O futebol italiano volta a ser atingido por um escândalo envolvendo a arbitragem. Gianluca Rocchi, responsável pela designação de árbitros nas Séries A e B, está sendo investigado pela promotoria de Milão por suposta fraude esportiva. O caso levou o dirigente a se afastar voluntariamente e já provoca comparações com o histórico Calciopoli, que abalou o país há 20 anos.
A investigação teve início após uma denúncia do árbitro Domenico Rocca, que demonstrou insatisfação com a gestão da Comissão Nacional de Árbitros (CAN). Em seu depoimento, Rocca relatou episódios de interferência, incluindo um lance da partida entre Udinese e Parma, em março de 2025, quando Rocchi teria batido na janela da cabine do VAR para influenciar uma decisão.
O episódio ocorreu durante o jogo entre Udinese e Parma. Na ocasião, o VAR Daniele Paterna e a assistente Simone Sozza analisavam um possível toque de mão do zagueiro Botond Balogh dentro da área. Após revisão, a equipe de arbitragem entendeu que não houve pênalti, já que o braço do defensor estava junto ao corpo.
Pouco depois, uma batida na janela da cabine teria interrompido a análise. Paterna chegou a se virar e questionar se a jogada seria pênalti. O árbitro da partida, Fabio Maresca, acabou sendo chamado ao monitor e, após revisão, assinalou a penalidade. Florian Thauvin converteu a cobrança e garantiu a vitória da Udinese por 1 a 0. Segundo relatos, a intervenção teria partido de Rocchi.
O áudio da conversa e o registro da batida foram divulgados pelo jornal Il Fatto Quotidiano. Na época, a Federação Italiana de Futebol (FIGC) abriu investigação, mas concluiu que não havia elementos suficientes para punição disciplinar.

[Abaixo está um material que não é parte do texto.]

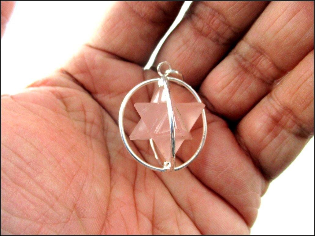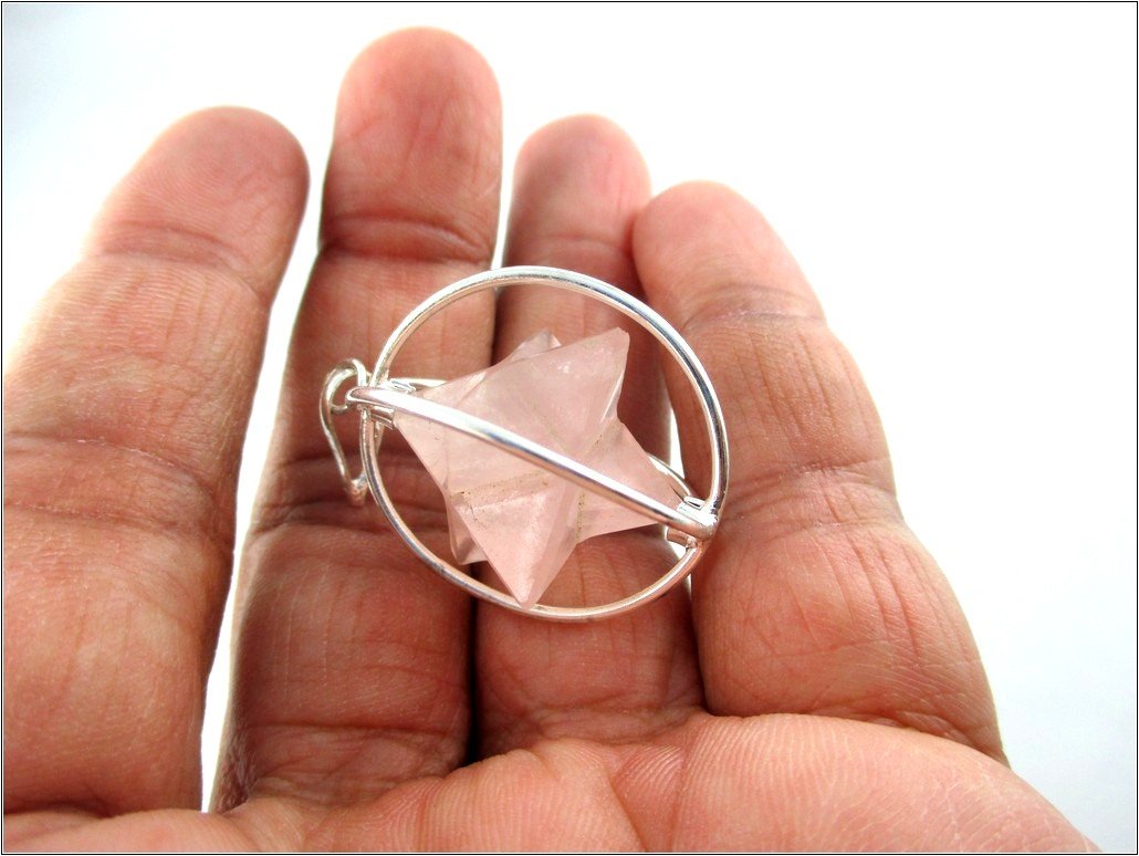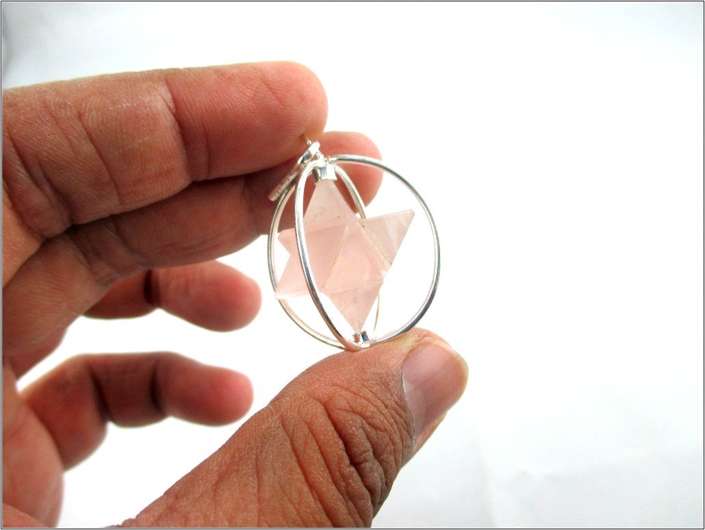 BuyRose Quartz Spinning Star Merkaba Pendant | Emotional Healing Relationship promote love | Spinning Merkaba Pendant

Além desse caso, a promotoria de Milão também apura um segundo episódio ocorrido em 2 de abril de 2025, no San Siro, na véspera da semifinal da Copa da Itália entre Inter de Milão e Milan. Rocchi é acusado de manipular a escalação de árbitros para supostamente favorecer a Inter.
De acordo com a investigação, teria sido definido que Daniele Doveri — considerado indesejado pela diretoria nerazzurra — ficaria responsável pelo jogo de volta da semifinal, ficando fora da final ou de outras partidas decisivas. Na mesma ocasião, Andrea Colombo, bem avaliado pela Inter, teria sido escalado para o confronto contra o Bologna. O presidente da Inter, Beppe Marotta, negou qualquer tipo de interferência.
– Ficamos sabendo disso pela imprensa. Ficamos surpresos. Não temos uma lista de árbitros de quem gostamos ou não. De jeito nenhum. Sabemos que agimos com a máxima integridade – disse Marotta à “DAZN” e à “Sky Italia”.
Crise na arbitragem e risco de intervenção
A Associação Italiana de Árbitros (AIA) atravessa um momento de forte instabilidade. O presidente Antonio Zappi foi suspenso por 13 meses, acusado de pressionar árbitros a renunciarem. Com Rocchi e o supervisor do VAR Andrea Gervasoni também afastados, as Séries A e B ficaram sem comando direto na designação de árbitros.
O cenário reacendeu discussões sobre uma possível intervenção do Comitê Olímpico Italiano (CONI), medida já adotada em 2018 após a crise institucional da federação. As eleições para a nova presidência da FIGC estão marcadas para 22 de junho.
Enquanto isso, as investigações seguem em andamento. Rocchi deve prestar depoimento nesta quinta-feira diante dos promotores de Milão. O futebol italiano, que já viveu escândalos como o Totonero e o próprio Calciopoli — este último em 2006, responsável por rebaixamentos de clubes como Juventus e punições a Milan, Lazio e Fiorentina — volta a ter sua credibilidade colocada em xeque.
Após 20 anos, futebol italiano vive outro escândalo de arbitragem
O Calciopoli foi revelado em 2006 e é considerado um dos maiores escândalos de manipulação de resultados do futebol mundial. A investigação apontou que dirigentes da Juventus, Milan, Fiorentina, Lazio e Reggina pressionavam árbitros e observadores para favorecer seus clubes. A Juventus foi rebaixada à Série B e perdeu dois títulos nacionais. Milan, Fiorentina, Lazio e Reggina também foram punidas com perda de pontos e multas.
O episódio marcou profundamente o futebol italiano e deixou cicatrizes que ecoam até hoje. A comparação com o caso atual vem justamente do fato de que Rocchi, o chefe de arbitragem, é acusado de manipular designações de árbitros para beneficiar determinados clubes – algo que remete ao espírito do escândalo de duas décadas atrás.